顎関節症の多くの患者さんには何らかの咬み合せの異常が見られます。
しかし患者さん自身は咬み合わせの異常を自覚できない事が多いのです。
咬み合わせの異常が関節頭の位置の異常を起こし、関節に関連する筋肉やじん帯のバランスを崩し、色々の痛みや不快症状を引き起こします。
関節頭の移動により下顎全体の位置の異常が起きます。
ほとんどの場合は咬み合わせが低くなり、関節頭が後ろに移動します。
細い首の骨に支えられた大きく重い頭蓋骨の中で、下顎骨の安定した位置が微妙に変化する事で、下顎骨を取り巻く筋肉だけでなく、頭骸骨を正常に保っている筋肉までもが異常な緊張を示し、その位置の異常に順応しようとし、その結果様々な症状として現れてきます。

症状としては、
・関節痛首の後方の筋肉の痛み
・頭痛
・口が開かない
・関節の異常音
・肩こり
・手の痺れ
・腰の痛み
・生理不順
・偏頭痛
等が起こります。

顎関節症の治療

今現れている痛み不快症状の除去し、咬み合わせを狂わせている原因を特定し取り除きます。
顎関節症を起こさないよう、正しい下顎の位置で咬み合わせを作っていきます。

具体的に治療法を説明します。
口腔内口腔外の審査を行い痛みの部位痛みの強さを調べます。
診断および疼痛不快症状の軽減の目的でミニスプリントと呼ばれる1センチ角のレジンブロックを第一小臼歯に入れ、食事会話以外は外さないでもらいます。
スプリントを入れてそこで咬み合わせた瞬間から痛みが消えるか、軽減する方がほとんどです。
ミニスプリントを入れる事により、痛みが楽になれば咬み合わせ起因する顎関節症であると診断出来ます。
短い方では1週間、長くなれば治療として数週間以上スプリントを入れてもらいます。
後は原因を見つけ出し正しいか咬み合わせの位置を作っていきます。
原因が明らかな場合はスプリントを入れずに咬み合わせの調整だけで終わる場合や、左右に顎を動かしたとき障害になる部分を削るだけで治る場合もあります。
また状況によっては、全体的に冠を作り直さなければならない場合や、入れ歯を作り直さなければならない事もあります。
インプラントを植えてしっかり咬める場所を作らなければ治らない場合もありますが、ほとんどの場合は奥歯の咬み合わせを高くして、前方に下顎を移動させたところが安定した咬合位となります。
要は顎の関節が安定してストレスのない場所を見つけ出して、物を咬める場所を作らねばならないのです。
治った後も顎関節症は再発しやすい病気でもある為、予防歯科的な考えを持ち6ヶ月毎の定期検査を行い、再発に備えなければならないと考えています。

※顎関節治療の実際

右の顎関節痛で口が開かない、右のこめかみあたりの筋肉が痛むなどの症状で来院されました。
向かって左側、右の第一小臼歯部にミニスプリントを装着したところ、装着直後痛みは軽減し口も開くようになりました。
1週後には症状は消えまいしたが、根本的な原因としては歯並びの悪さが考えられましたので、矯正専門医を紹介し受診を勧めました。

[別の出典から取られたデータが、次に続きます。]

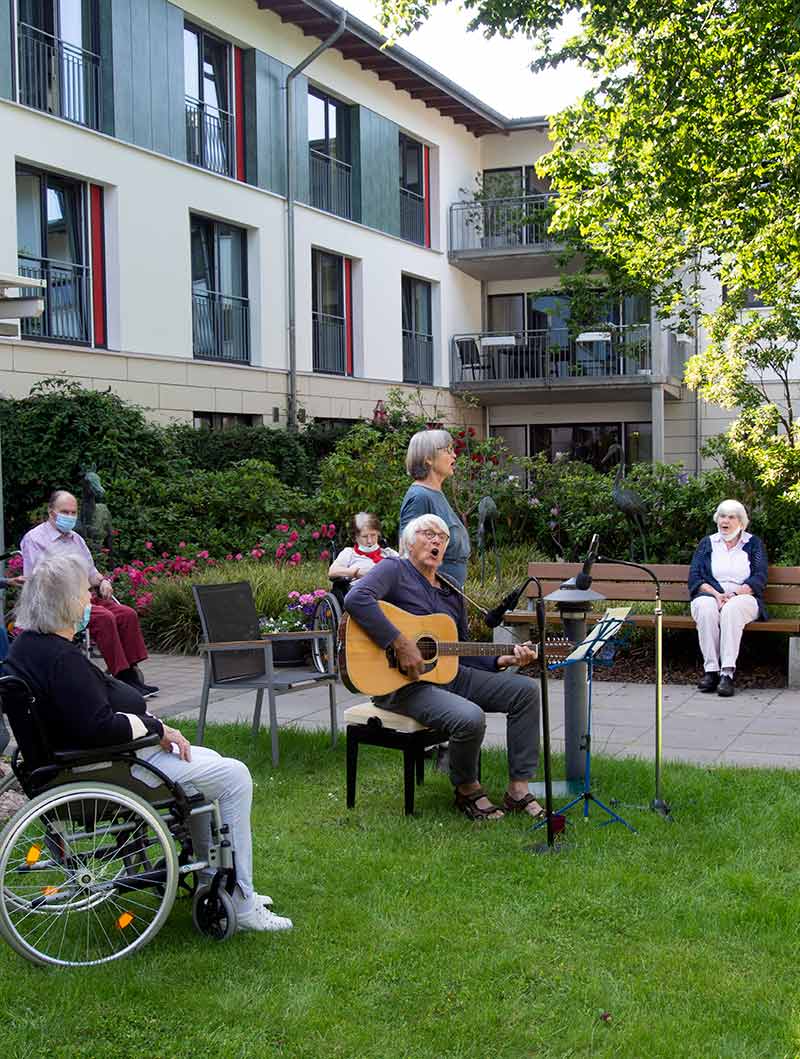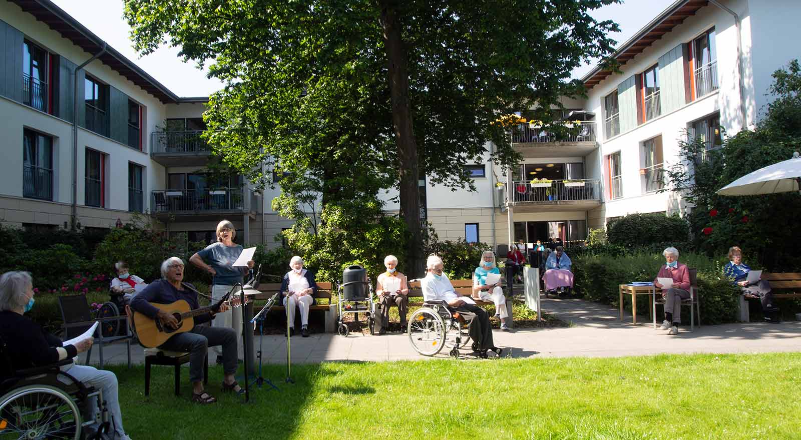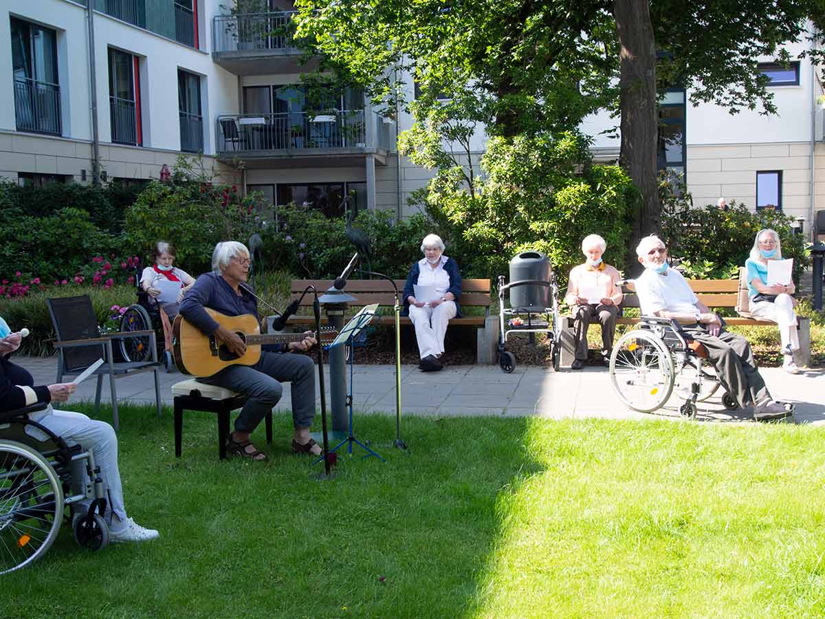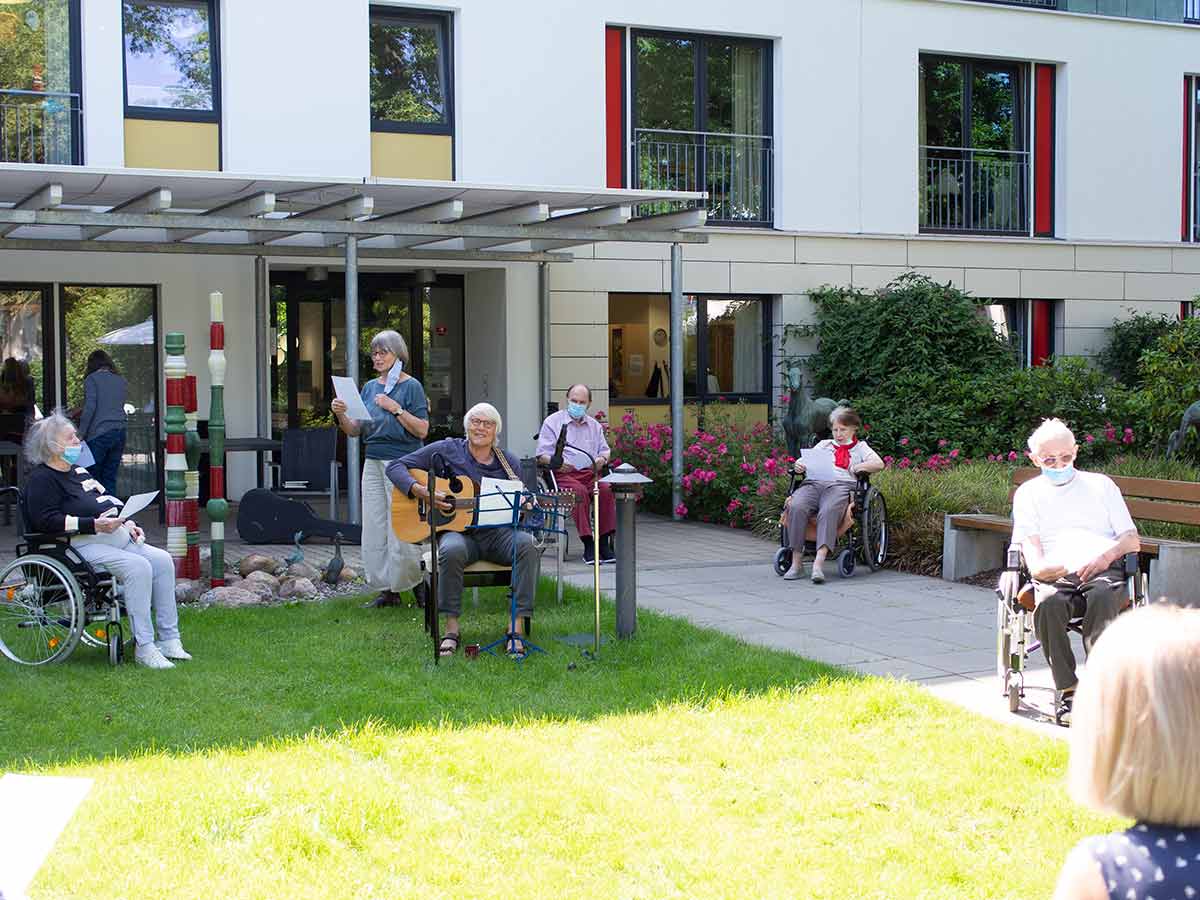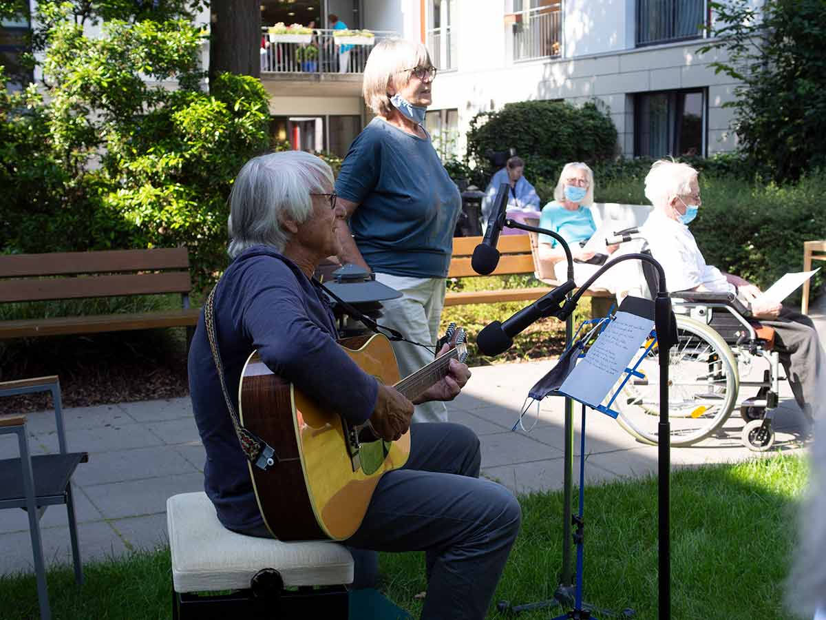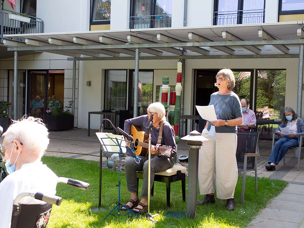 Lange mussten wir sie missen - Sabine Mötting, ihr Mann Dirk und seine Gitarre kamen vor Corona wöchentlich in die 1. Etage, um gemeinsam mit Mitarbeitern und den Bewohnern des Schilling-Stifts zu singen. Altbekannte Hamburger Lieder, mit frecher Zunge schwungvoll angestimmt. - heute endlich gab es ein Wiedersehen und eine große Gesangsrunde im Innenhof bei prallem Sonnenschein. Schön, dass Sie da waren, liebes Ehepaar Mötting!

①第一小臼歯部にミニスプリントを作り下の歯が一点でぶつかるようにします。
②原因としては歯並びの悪さが考えられましたので、矯正専門医を紹介し受診を勧めました。

③ミニスプリントの表
④ミニスプリントの裏

以前に矯正治療の経験のある患者さんで右の顎関節症の症状で来院されました。
最初は右にミニスプリントを作りましたが症状は改善せず、1週後左にもミニスプリントを作ったところ、これにより症状は改善しました。
原因としては奥歯のかみ合わせが考えられ、かみ合わせの調整のみで治す事が出来ました。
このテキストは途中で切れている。